On 6 January 1856, aged 51, he was appointed Archbishop of Munich and Freising. He was confirmed as Archbishop on 19 June 1856, aged 52, and installed two months later. Von Scherr endeavoured to preserve the Catholic character of the schools. For the maintenance of the lesser seminaries of the diocese which had been obliged to receive an exceptionally large number of candidates to the priesthood, he founded St. Corbinian's Association, and erected a lesser seminary in Freising. He introduced into his diocese the devotion of the Perpetual Adoration of the Blessed Sacrament, and instituted pastoral conferences of the clergy. 

At the First Vatican Council, he voted with the minority, but submitted at once to the decision of the council.
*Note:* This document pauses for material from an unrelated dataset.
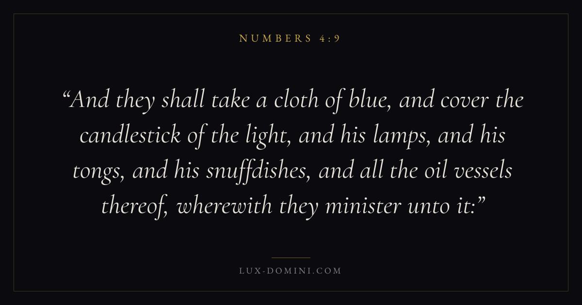 And they shall take a cloth of blue, and cover the candlestick of the light, and his lamps, and his tongs, and his snuffdishes, and all the oil vessels thereof, wherewith they minister unto it:
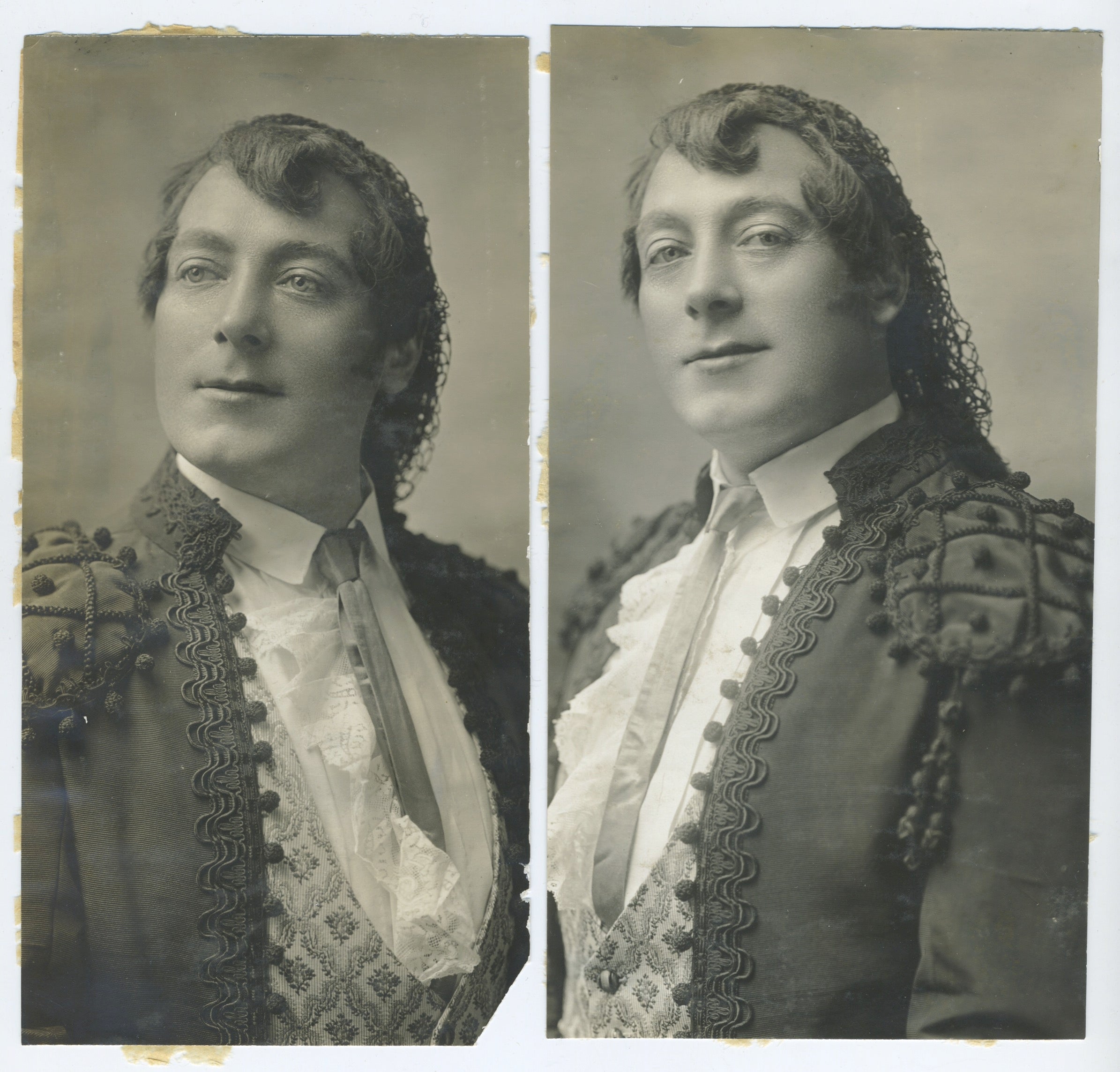 Pair of original photographs of the supreme Italian baritone in costume as Escamillo in Carmen. Mounting traces, one corner broken, else fine. 3.5 x 7 inches (9 x 18 cm).

In April 1871 Bishop Von Scherr excommunicated Ignaz von Döllinger, professor at the University of Munich, for his concerted opposition to the Council's decrees.
 
The last years of his episcopate were embittered by the support which the Bavarian Government, under the leadership of Lutz, minister of worship, gave to the Old Catholic movement, whose most zealous champions were resident in Munich. 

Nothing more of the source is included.